Saturday, October 25, 2014

Tributes to Bradlee Remind Us What Real Journalism Is

Bradlee (White House)
Benjamin Bradlee died Tuesday.  He was editor of The Washington Post when its coverage of the Pentagon Papers survived a legal challenge by the administration of President Richard Nixon.  Those documents had been leaked by Daniel Ellsberg PhD and exposed dishonesty by the government of this country about its war in Vietnam.  Bradlee's tenure continued as said newspaper broke the Watergate scandal, which resulted in the resignation of the aforementioned president.

The choice by Pres. Obama to award the Medal of Freedom -- the highest civilian honor in the land -- to Bradlee last year was ironic given that this administration is more hostile to the media than any other administration of the US was since that of Nixon.  Despite such hostility, the media should learn from the example Bradlee set when he demonstrated he understood that the responsibilities of journalism include to critically question and aggressively investigate, not to blindly accept as fact the word of officials in government.

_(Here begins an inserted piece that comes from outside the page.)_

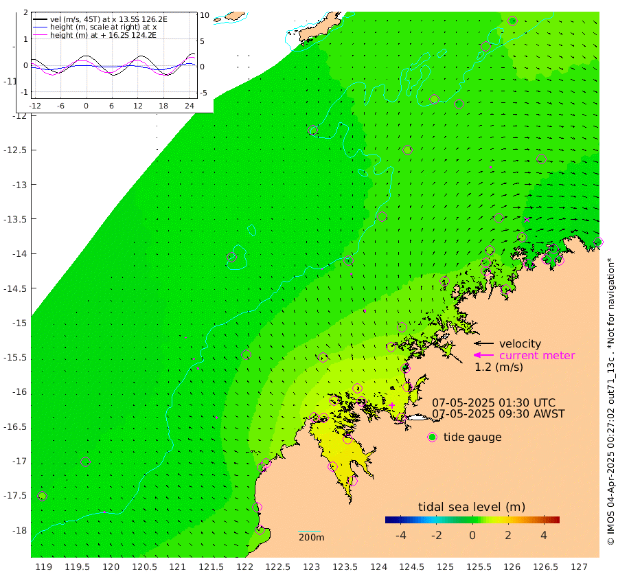 7cm/s -35T +10cm/s rms + 1cm/s 1T. NWSBRW 205m 12cm/s -23T +11cm/s rms + 6cm/s -110T. NWSROW 199m 17cm/s -17T +5cm/s rms + 2cm/s 65T. CAM050 58m 13cm/s -16T +12cm/s rms + 5cm/s 92T. CAM100 99m 3cm/s -26T +7cm/s rms + 1cm/s -85T. KIM400 396m 7cm/s -37T +9cm/s rms + 5cm/s -119T. KIM200 208m 15cm/s -26T +11cm/s rms + 5cm/s -147T. KIM100 99m 13cm/s -34T +8cm/s rms + 3cm/s -103T. KIM050 59m 13cm/s 77T +4cm/s rms + 2cm/s 23T. TIMORS88 91m 50cm Imperieuse Reef 21cm Mermaid Reef 48cm Broome 41cm Cape Baskerville 56cm Red Bluff 38cm Cape Boileau 28cm Scott Reef (WA) 41cm Ashmore Reef 88cm Karrakatta Bay 98cm Sunday Island 148cm Valentine Island 133cm Derby 129cm Port Usborne 107cm Bedford Islands 90cm Yampi Sound (Koolan Island) 117cm Macleay Island 74cm Adele Island 9cm Browse Island 106cm Shale Island 115cm Lizard Island -6cm Hall Point 75cm Degerando Island 47cm White Island 46cm Skua No. 4 Well 26cm Jabiru 56cm Maret Island 34cm Baudin Island 45cm Cape Voltaire (Krait Bay) 35cm Dillon Shoal 26cm Laminaria 53cm Port Warrender 46cm Troughton Island 52cm Cassini Island 34cm West Holothuria Reef Offshore 25cm Jar Island 42cm Lynher Bank 35cm Heywood Shoal 55cm Pee Shoal 33cm Van Cloon Shoal 14cm Carronade Island 10cm Guy Point 14cm Napier Broome Bay -3cm Lesueur Island

In order for freedom of the press to have meaning, reporters must prioritize the public interest over their desire for access to -- and over their instinct to cave to intimidation tactics by -- officials who are supposed to serve the people; and the voters must elect candidates who oppose such tactics, which include surveillance of journalists and which include (threats of) punishment for leaks of information that need not be secret.